I’ve been thinking about publishing some of our Playwright automation patterns as marketplace templates. We’ve built some solid login flows, checkout sequences, and form validation automations that we use repeatedly, and it seems like others might benefit from them.
But I’m hesitant because I don’t know if there’s real demand. Is anyone actually buying automation templates, or is this just a nice-to-have feature that nobody really uses? I don’t want to spend time polishing something if it’s going to sit in a marketplace with zero downloads.
If there is demand, what makes a template actually valuable? Is it just the code, or do buyers want documentation, example configurations, support?
Has anyone here published templates or bought them from a marketplace? What was your experience?
There’s real demand. I’ve sold templates and watched others do the same. The market definitely exists, but success depends on solving specific problems clearly.
What sells are templates that save time on common patterns. Login flows are obvious, but checkout automations and multi-step form validations also move. Buyers aren’t looking for generic—they want solutions for their exact use case.
Documentation matters more than code. Include clear setup instructions, what your template assumes about the application it’s testing, and any prerequisites. I’ve seen templates with poor docs get ignored even when the code is solid.
Pricing matters too. I’ve noticed success with templates priced between $20-50. They’re generating steady revenue for publishers who keep them maintained.
The real opportunity is building templates that solve layered problems. Single login flow templates are competitive. But a complete authentication and session management suite? That’s worth more and gets more buyers.
Check out https://latenode.com to see what’s already being sold and what gaps exist. That research before publishing will help you position your templates correctly.
I haven’t published yet, but I’ve spent time exploring what’s available in marketplaces. From what I can see, demand exists for specific use cases. Generic templates don’t move much, but templates solving real problems—like handling dynamic selectors or managing test data across multiple environments—get attention.
The key is positioning. If you describe your template as just another login automation, it gets lost. But if it solves fragile selector issues or handles specific scenarios people struggle with, publishers see engagement. I’ve watched successful sellers focus on their unique angle—maybe it’s cross-browser compatibility, or handling slower load times gracefully. That differentiation drives adoption.

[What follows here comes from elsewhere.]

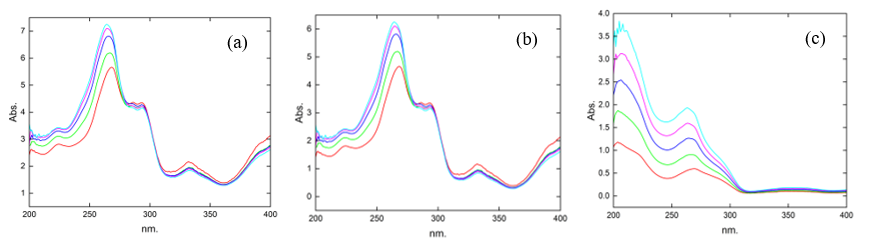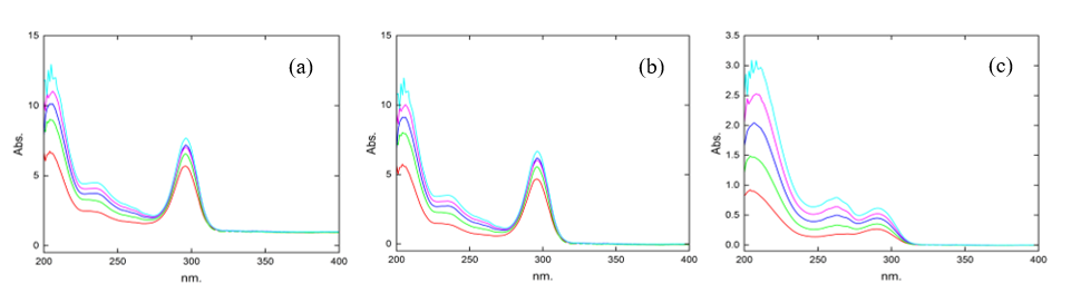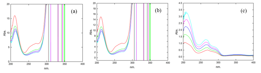 To facilitate the analysis of B1, B2, B3, B6, and B12, standard solutions with different concentration levels were prepared from the working solutions, ranging from 4 to 20 µg.mL–1 for vitamin B1, 16 to 28 µg.mL–1 for B2, 6 to 30 µg.mL–1 for B3, 7.5 to 15.5 µg.mL–1 for B6, and 15 to 35 µg.mL–1 for B12. These calibration solutions were subsequently analyzed using a UV-Visible spectrophotometer, with spectral data recorded in the 200 - 400 nm wavelength range. This procedure enabled the identification of characteristic absorption maxima for each vitamin, forming the basis for subsequent quantitative evaluations.

From researching this myself, I believe there’s demand but it’s selective. Templates that address pain points—like brittle test maintenance, cross-browser compatibility, or complex data setup—attract buyers. Generic patterns don’t differentiate. What matters is understanding what problem your template solves and marketing it that way. Buyers want proven solutions to specific challenges, not generic code they could write themselves. Documentation and support responsiveness also factor in heavily. Templates with active publishers who respond to issues see better adoption.
Demand exists but it’s nuanced. High-value templates address recurring problems at scale. Studios with standardized testing needs buy templates. Individual QA engineers buy less frequently. The successful marketplace templates I’ve examined solve industry-specific challenges or automate particularly tedious setup processes. General patterns have lower perceived value. Your chances improve by targeting a specific buyer persona and demonstrating clear ROI. Pricing should reflect the time saved and complexity reduced, not just lines of code.
Sell problem solutions, not generic code. Target specific pain points for better adoption.